You're conducting a multi-target security assessment for a coffee cooperative in the Venezuelan Andes — mapping an attack surface that includes an export tracker, a farmer portal, fermentation sensors, payment processing, and infrastructure nobody fully documented.
The discipline skills: attack surface mapping across systems the client doesn't fully know about, cross-tool correlation between Nmap, ZAP, and Nuclei findings, supply chain analysis with Semgrep and Trivy, custom Nmap NSE scripts, and remediation planning that accounts for rollback risk and compensating controls.
The AI-direction lesson: the guides are gone. Nobody tells you what to scan first, when to move from reconnaissance to exploitation, or how deep to pursue each attack path. When you ask AI to "assess this system," it will produce a complete-looking plan — but completeness is not correctness. The skill is designing the approach yourself, using meta-prompting to ask AI for verification strategies you haven't thought of, rather than accepting AI's default engagement structure. This is the difference between directing AI through a provided workflow and directing AI through a workflow you design.
Your Role
You are conducting a multi-target assessment for a cooperative with eight staff and a remote developer. Whatever you recommend needs to be actionable with those resources.
Templates give you structure for the scope document, threat model, and assessment report. The guides that walked you through each phase are gone. You decide the assessment approach. The threat model you build from reconnaissance drives everything downstream.
What's New
Last time you designed network segmentation for a 12-building property company, implemented default-deny firewall rules, tested your own architecture with lateral movement, and produced a multi-audience remediation plan with cost estimates.

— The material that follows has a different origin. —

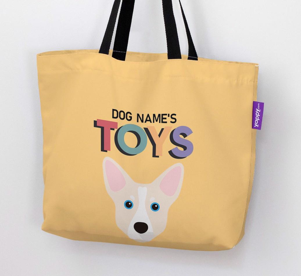 Don’t worry, we’ve got you covered with this pawsonalized canvas bag made for your Horgi’s toy collection!

Multi-target assessment. The cooperative has multiple systems that interact — web applications, APIs, IoT sensors, payment processing, third-party integrations. The attack surface extends beyond what the client knows about. Cloud assets, forgotten environments, and supply chain connections are all terrain you need to map.
Cross-tool correlation. Nmap, ZAP, and Nuclei each tell you something different about the same target. Matching their findings to build a coherent picture — and catching false positives where the tools disagree — is a core discipline at this level.
Supply chain analysis. Semgrep finds vulnerabilities in code and dependencies that dynamic testing misses. But a finding in the source code is not the same as a finding you can exploit at runtime. The distinction matters for both the assessment and the report.
Remediation risk. Fixing a vulnerability might break the system it lives in. Compensating controls, rollback procedures, and the risk of the fix itself are now part of every remediation decision.
The hard part: you are designing the approach, not following one. When the voice note ends and the chat opens, the first question is yours to ask.
Tools
- Nmap — multi-target scanning and custom NSE scripts. Continuing.
- ZAP — web application scanning scoped to threat model. Continuing.
- Nuclei — template-based vulnerability scanning with false positive management. New.
- Semgrep — static analysis for code-level and supply chain vulnerabilities. New.
- Trivy — container and dependency vulnerability scanning. New.
- Metasploit — multi-layer exploitation. Continuing.
- Docker — lab environment running cooperative infrastructure. Continuing.
- Grafana/Loki/Alloy — logging and detection across targets. Continuing.
- Sigma — detection rules for multi-layer attack patterns. Continuing.
- Claude Code — AI agent directing the assessment.
Materials
- Scope document template — empty template you fill from client discovery. Rules of engagement are pre-filled; everything else comes from your conversation with Andres.
- Threat model template — STRIDE structure for you to populate from reconnaissance findings.
- Assessment report template — three-section structure (executive summary for Andres, compliance evidence for the Portland buyer, technical findings for the developer).
- Docker environment — cooperative infrastructure including export tracker, member portal, fermentation monitoring, payment processing, shipping integration, and the monitoring stack.